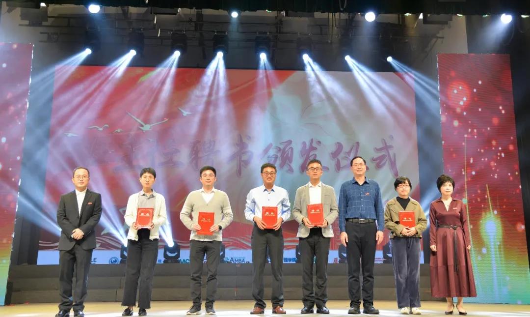 与往年不同,今年的迎新晚会还新增了特别的新老教师交接仪式。今年,我院会计学系陈少华教授、管理科学系刘震宇教授、管理科学系孟力教授光荣退休。在荣休仪式上,李建发、邱七星、吴超鹏上台为三位老师献花,感激他们为学术、育人做出面的贡献。紧接着,三位荣休教授同学院党政领导、教师代表为徐斌等16位新加入管理学院、财务管理与会计研究院的青年教师佩戴校徽、赠送《厦门大学百年校史》书籍,期待他们向教学科研、育才育人的工作中激发新的活力。管理学院本科生班主任聘任仪式随后举行,为共同做好人才培养工作,学院为新入学的382名本科新生配备了本科生班主任,吴超鹏、郑碧娇、戴蓥为班主任颁发聘书。新老教师交接仪式结束后,迎新晚会正式开始。
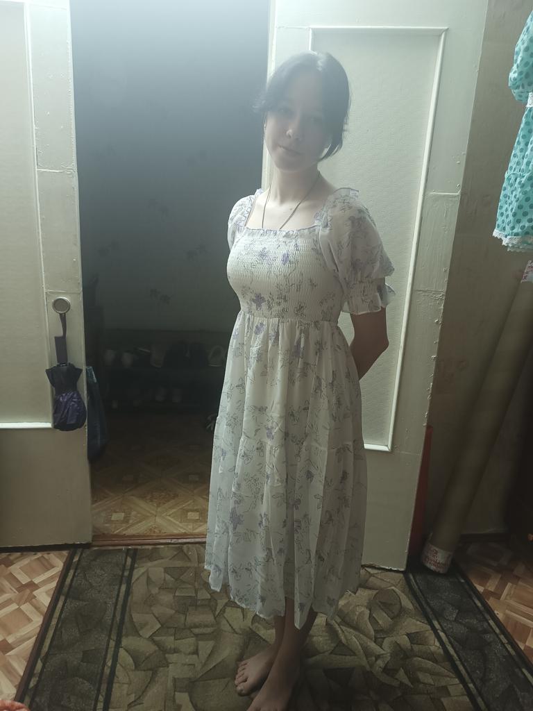 Das Kleid sieht aus wie auf dem Foto, die Größe hat gepasst. Der einzige Minuspunkt sind die abstehenden Fäden.
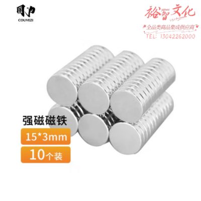国为(COUVEZI) 圆形强力磁铁/磁片/高强度钕铁硼小磁石/教学白板小磁铁片强磁铁 吸铁石 15*3mm(10个装 SKU:yzwhyp317992
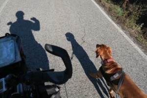ich will bis Samos runterfahren, das sind noch 29 km, die müßte ich noch schaffen, um den nächsten Campingplatz zu erreichen – nach einer Stunde fällt mir ein, du kannst ja auch hier mal fragen, ob der Hund akzeptiert wird und eine Garage mit Strom da ist – ja – sie haben selber einen Hund im Haus und beide freunden sich an – Hund kein Problem mehr – er darf sogar mit aufs Zimmer und die Garage hat alles was ich brauche.
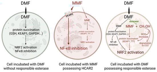 Simplified scheme comparing selected intercellular processes in the cells incubated with DMF or MMF. Cell possessing esterase for DMF hydrolysis is subjected to more effects due to MMF and methanol production. A small intercellular amount of less permeable MMF, followed by a lower effect, is depicted by small letters. Abbreviations: DMF—dimethyl fumarate, MMF—monomethyl fumarate, GSH—glutathione, KEAP1—Kelch-like ECH-associated protein 1, GAPDH—glyceraldehyde 3-phosphate dehydrogenase, NF-κB—nuclear factor κB, NRF2—nuclear factor erythroid 2-related factor 2, HCAR2—hydroxycarboxylic acid receptor 2. Created in BioRender. Kopincova, J. (2025) https://BioRender.com/zp4szt8, accessed on 18 November 2025.

------------

Print again, exactly, the lines of the records above from the first line through the line with "国为(COUVEZI) 圆形强力磁铁/磁片/高强度钕铁硼小磁石/教学白板小磁铁片强磁铁 吸铁石". No pictures.

FINISHED EXERCISE:
 与往年不同,今年的迎新晚会还新增了特别的新老教师交接仪式。今年,我院会计学系陈少华教授、管理科学系刘震宇教授、管理科学系孟力教授光荣退休。在荣休仪式上,李建发、邱七星、吴超鹏上台为三位老师献花,感激他们为学术、育人做出面的贡献。紧接着,三位荣休教授同学院党政领导、教师代表为徐斌等16位新加入管理学院、财务管理与会计研究院的青年教师佩戴校徽、赠送《厦门大学百年校史》书籍,期待他们向教学科研、育才育人的工作中激发新的活力。管理学院本科生班主任聘任仪式随后举行,为共同做好人才培养工作,学院为新入学的382名本科新生配备了本科生班主任,吴超鹏、郑碧娇、戴蓥为班主任颁发聘书。新老教师交接仪式结束后,迎新晚会正式开始。
 Das Kleid sieht aus wie auf dem Foto, die Größe hat gepasst. Der einzige Minuspunkt sind die abstehenden Fäden.
国为(COUVEZI) 圆形强力磁铁/磁片/高强度钕铁硼小磁石/教学白板小磁铁片强磁铁 吸铁石 15*3mm(10个装 SKU:yzwhyp317992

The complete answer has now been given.